Look at a few rows and you'll see it combines row one with the other rows:
select connect_by_root c1 rt, level dpth,
sys_connect_by_path ( c1, '-' ) pth,
t.*
from t
connect by level <= length ( c2 ) / 10
fetch first 10 rows only;
RT DPTH PTH C1 C2
---------- ---------- ---------- ---------- ----------------------------------------
1 1 -1 1 line 11111 line 2222 line 3333 line 4444 line 5555
1 2 -1-1 1 line 11111 line 2222 line 3333 line 4444 line 5555
1 3 -1-1-1 1 line 11111 line 2222 line 3333 line 4444 line 5555
1 4 -1-1-1-1 1 line 11111 line 2222 line 3333 line 4444 line 5555
1 5 -1-1-1-1-1 1 line 11111 line 2222 line 3333 line 4444 line 5555
1 5 -1-1-1-1-2 2 line 11111 line 2222 line 3333 line 4444 line 5555
1 5 -1-1-1-1-3 3 line 11111 line 2222 line 3333 line 4444 line 5555
1 5 -1-1-1-1-4 4 line 11111 line 2222 line 3333 line 4444 line 5555
1 5 -1-1-1-1-5 5 line 11111 line 2222 line 3333 line 4444 line 5555
1 5 -1-1-1-1-6 6 line 11111 line 2222 line 3333 line 4444 line 5555
To avoid this, add this clause to connect by:
( prior c1 = c1 or prior sys_guid() is null )
This ensures it only builds the tree from rows with the same value - this should be the primary key/unique constraint columns. The sys_guid() call is to add unique information to each row to prevent loops.
Do this and we get the 50 rows we expect:
select count(*) from t
connect by level <= length ( c2 ) / 10
and ( prior c1 = c1 or prior sys_guid() is null );
COUNT(*)
----------
50
As you're on an up-to-date version of 19c, you could improve this further using SQL macros! In effect, these enable you to create parameterized views.

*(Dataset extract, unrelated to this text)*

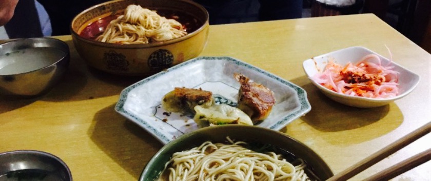 店面见图一,一个非常特别小的门脸,点都不起眼,我们寻吃的,也压根儿走过了,后来弟弟说你不是要吃饺子,这儿有。好吧,看看店面我压根儿没太多食欲,走得有点累了,凑合着吃吧。掀起链子进去,我们就吃惊了,人暴多,本来店面不大,桌子摆满了,人多得不得了,我们差点被吓出来了。老板引我们往里走,一条窄窄的通道,里面七八张桌子,也坐满了,而且都是本地人,有喇嘛,有一大桌子兵哥哥,还有其他民众,我们是唯一一桌游客。环境我不能说好,总体还算整洁。生意好了。吃的呢,我们点了饺子,锅巴,牛肉面,鸡杂面,酸菜素面。先说饺子,图二,我不喜欢吃韭菜饺子,就要的鲜肉,六块一两,包的模样确实不怎么的,不过面和蘸酱非常鲜美。他们这里的锅贴就是煎饺,韭菜馅儿的,四块一两三个。我虽然没吃,只是看隔壁当地人吃都是一斤一斤的叫。鸡杂面,图三,汤色有点重口,我尝第一口就惊艳了,非常赞。我弟弟先吃了三两,然后又叫了一两。面是九块一两,十四块三两。我们用餐的当儿计算店主一天的收入,差不多会上万呀,如此好的生意。康定的物价还真心不低。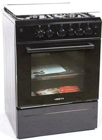 газ + электро панель + электрический духовой шкаф, поверхность: эмалированная сталь, крышка из закалённого стекла, энергопотребление A, управление механическое, без таймера, размеры (ШхГхВ): 60x60x85 см, цвет черный

So you can create a function that accepts the filter criteria for TAB_B and applies this in the START WITH clause of the CONNECT BY. Use START WITH instead of WHERE because this filters the data
before creating the tree. Using WHERE it'll generate the data for every row in the table, then filter to those rows you want.
Here's a quick example:
create or replace function split_rows (
tab_id integer
) return clob sql_macro as
stmt clob;
begin
stmt := q'[
select * from t
start with c1 = tab_id
connect by level <= length ( c2 ) / 10
and ( prior c1 = c1 or prior sys_guid() is null )
]';
return stmt;
end;
/
select * from split_rows ( 1 );
/*
C1 C2
---------- -----------------------------------------------------------
1 line 11111 line 2222 line 3333 line 4444 line 5555
1 line 11111 line 2222 line 3333 line 4444 line 5555
1 line 11111 line 2222 line 3333 line 4444 line 5555
1 line 11111 line 2222 line 3333 line 4444 line 5555
1 line 11111 line 2222 line 3333 line 4444 line 5555
*/
You'll need to update the code to pass the necessary parameters, so this may be something to consider later in the migration.